Question about optimal transport and possibilities of OptimalTransport.jl

JuliaOptimalTransport / OptimalTransport.jl

Optimal transport algorithms for Julia

https://juliaoptimaltransport.github.io/OptimalTransport.jl/dev

MIT License

93 stars 8 forks source link

Question about optimal transport and possibilities of OptimalTransport.jl #157

Open ignace-computing opened 2 years ago

ignace-computing commented 2 years ago

Sorry if this is not the right place to ask this kind of questions.

I am looking for an algorithm that has the following characteristics (see below). Is there any functionality in OptimalTransport.jl that could be used for this?

Many thanks!

INPUT:

histogram H,
desired mean and variance (M,V)

OUTPUT:

histogram H' that has desired mean and variance (M,V) but that also has a shape that is obtained by adapting H, while somehow minimizing some cost that penalizes large modifications w.r.t.

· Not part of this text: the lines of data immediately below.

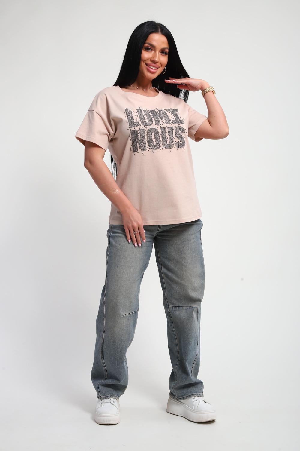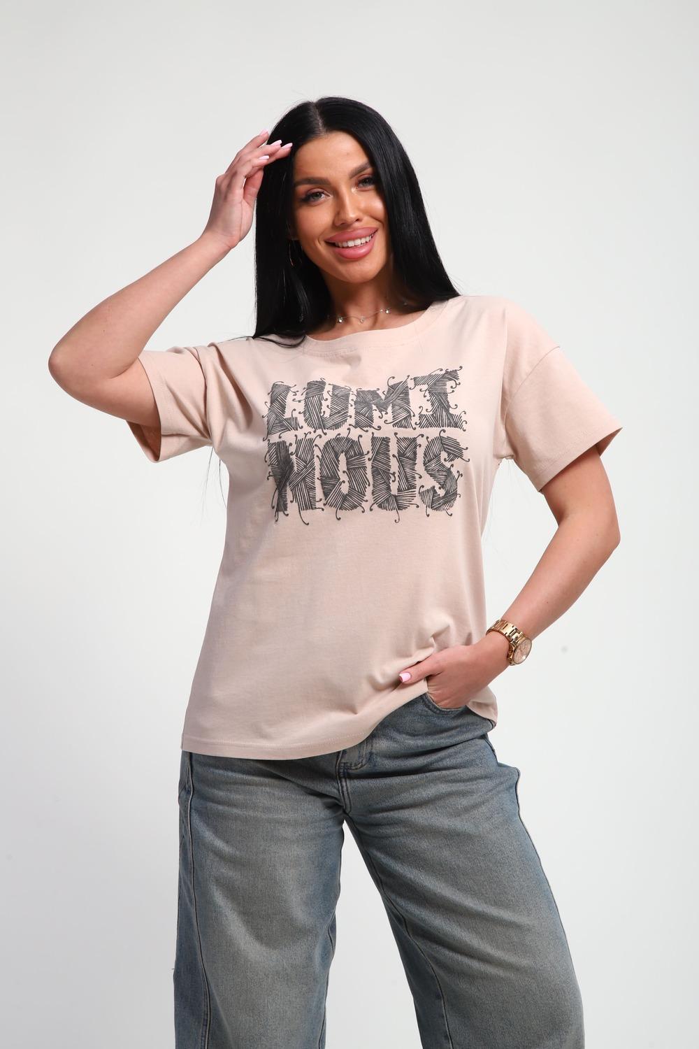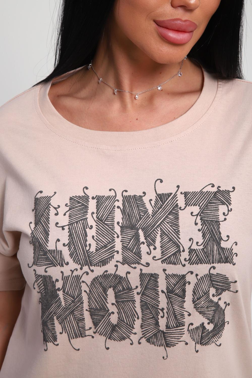 Футболка женская из гладкокрашенного трикотажа, хлопок 100%. Прямого силуэта, свободного облегания. горловина круглой формы. Рукав короткий. Низ изделия прямой. На полочке объемный принт, шелкография.
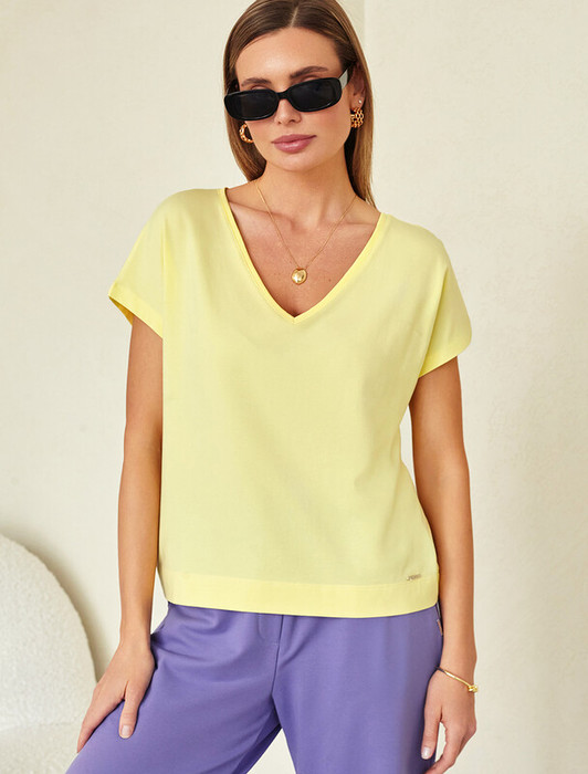 Футболка с цельнокроеным рукавом выполнена из премиального хлопка. Базовая однотонная модель идеально впишется в любой гардероб. V-вырез подчеркивает ключицы и удлиняет шею, хорошо сочетается с жакетами или кардиганами. Изделие дополнено металлическим логотипом бренда.
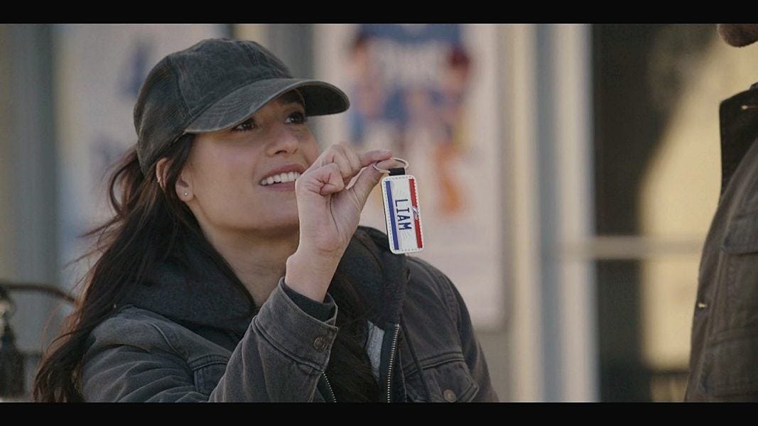 After volunteering at the charity yard sale (Rangers for Paws, which is similar to a real life charity that the “Supernatural” fandom has done charity events for, Paws 4 AKF, a nod to Jared’s mental health campaign Always Keep Fighting). Anyway, Cassie surprises Liam with a gift – a little license plate with his name on it. A new “thing” that has some special meaning. He gives her virtual tickets to Bot Fights, like the poster that she had – for both of them.
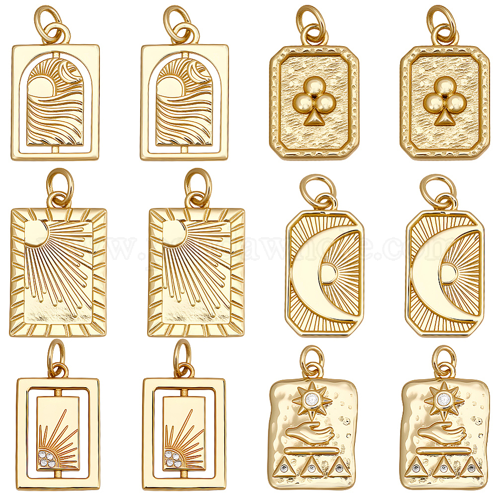 12 шт 6 стили латунные микропаве прозрачные кубические циркониевые подвески, без кадмия и без свинца, долговечный, стойки покрытие, с целью перехода в кольце
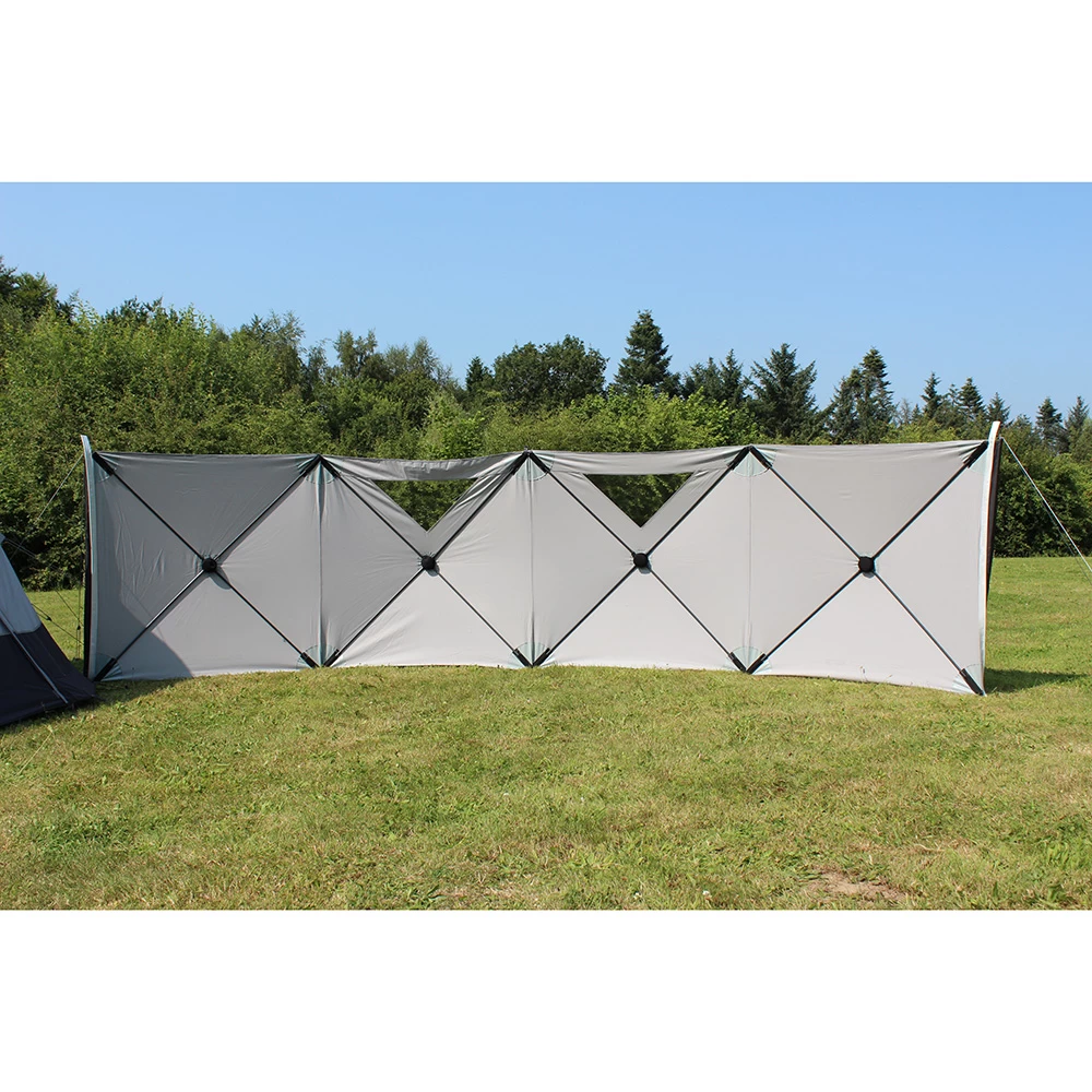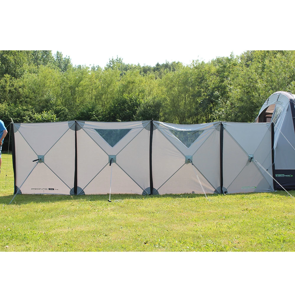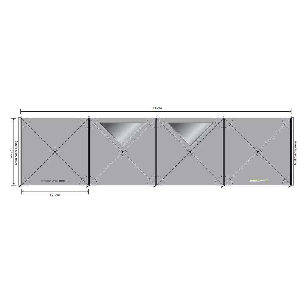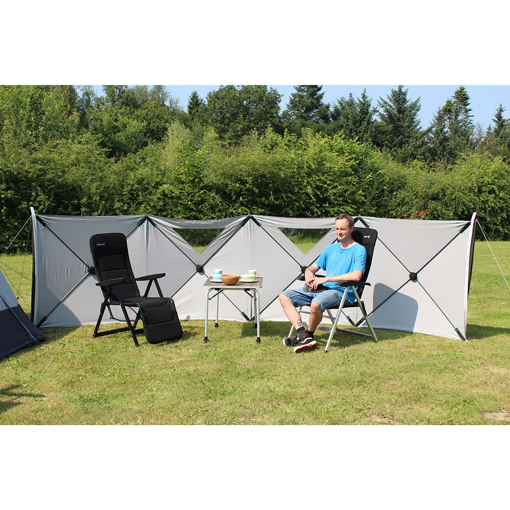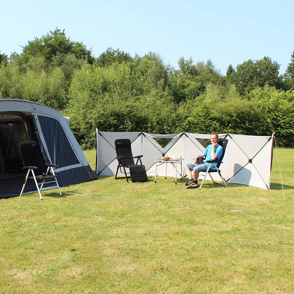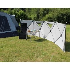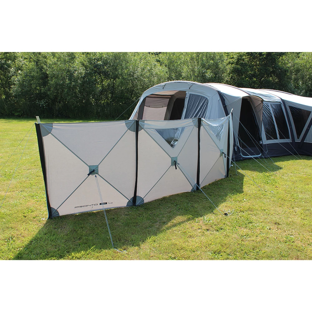 Featuring Outdoor Revolution’s ‘Pronto’ quick erect pop-up system, this incredibly stable polycotton 4 panel windbreak can be pitched in a matter of seconds. Fibreglass upright poles provide extra support, with elasticated bungee peg down points situated to the base of each pole provide great stability. Kader strips feature at both ends of the windbreak – useful for attaching to a vertical awning rail. Designed to compliment Outdoor Revolution polycotton models including Kalahari PC, Movelite PC & Cayman PC.

H.

(I can of course give more information about the problem is the description is not very clear to you).

davibarreira commented 2 years ago

When you say histogram, do you mean the sum of diracs?

davibarreira commented 2 years ago

Do you have a more formal (mathematical) description of your problem? I don't think there is an easy function that does what you are looking for. It looks like more as an optimization problem, such as Linear Programming.

devmotion commented 2 years ago

The p-Wasserstein distance between two univariate histograms H and H' (ie. sum of Diracs) with the same number n of components is just 1/n ||H - H'||_p^p (see e.g. eq 2.33 in Computational Optimal Transport). Thus based on the p-Wasserstein distance it seems you could (try to) solve the optimization problem

min_{H'} 1/n ||H - H'||_p^p
s.t. 1/n \sum_{i=1}^n H'_i = mean
     1/n \sum_{i=1}^n (H'_i - mean)^2 = variance

Of course, the factor 1/n in the objective function could be ignored.

Edit: An important assumption that I forgot to mention is of course that both H and H' are sorted.

devmotion commented 2 years ago

It seems this optimization problem can be solved analytically at least for p = 2. Using Langrange multipliers it seems (better check it carefully, I just did a quick sketch) one obtains the possible optima H' = m - (H - mean(H)) / std(H) * s and H' = m + (H - mean(H)) / std(H) * s where m is the desired mean and s = sqrt(variance) is the desired standard deviation. Clearly, both satisfy mean(H') = m and var(H') = s^2 = variance. However, only H' = m + (H - mean(H)) / std(H) * s is sorted in ascending order (H is sorted in ascending order!), the other possible solution is sorted in reverse order. Hence H' = m + (H - mean(H)) / std(H) * s seems to be the unique solution of the optimization problem.

ignace-computing commented 2 years ago

Dear @davibarreira end @devmotion, thank you for having answered my question! And happy new year of course, meanwhile.

I think that what @devmotion suggests is perfectly correct, it looks like a good idea to try to minimize the p-Wasserstein distance, and your solution to the optimization problem also intuitively makes sense. However, it might not work in the setting I am envisaging. Therefore let me clarify:

We have a grid x, on on that grid we define a (discretized) density function u. More specifically, in each grid cell x_i, u_iis the average value of u (integrated over the grid cell). So let the pair (x,u) define a histogram H. The mean value of H is given by mu = u’*x and the variance equals var = u’*(x – mu).^2

Now we wish to obtain a new histogram H’, thus a pair (x’,u’), with the desired properties (namely, mean and variance (M,V)). It is also desired that x’=x (this makes it different from what you suggested.)

ignace-computing commented 2 years ago

@davibarreira Is it now more clear what I meant with histogram? It's like, you specify a number of bins and then you evaluate a probability density function on that grid.

davibarreira commented 2 years ago

Yes, it's clear. But the package does not have a solution to your problem. Is your grid 1D? If yes, you could use the solution @devmotion proposed. Otherwise, I don't think there is an easy answer.

ignace-computing commented 2 years ago

Yeah, so just for completeness let me add the form of the optimization problem that I am wishing to solve. x and H are vectors of the same dimension carrying the grid an the probability density thereon, respectively. The ' symbol denotes transpose (for clarity never applied to H or H')

min_{H'} ||H - H'||_p^p
s.t. x'*H' = mean
     (x-mean)'.^2*H' = variance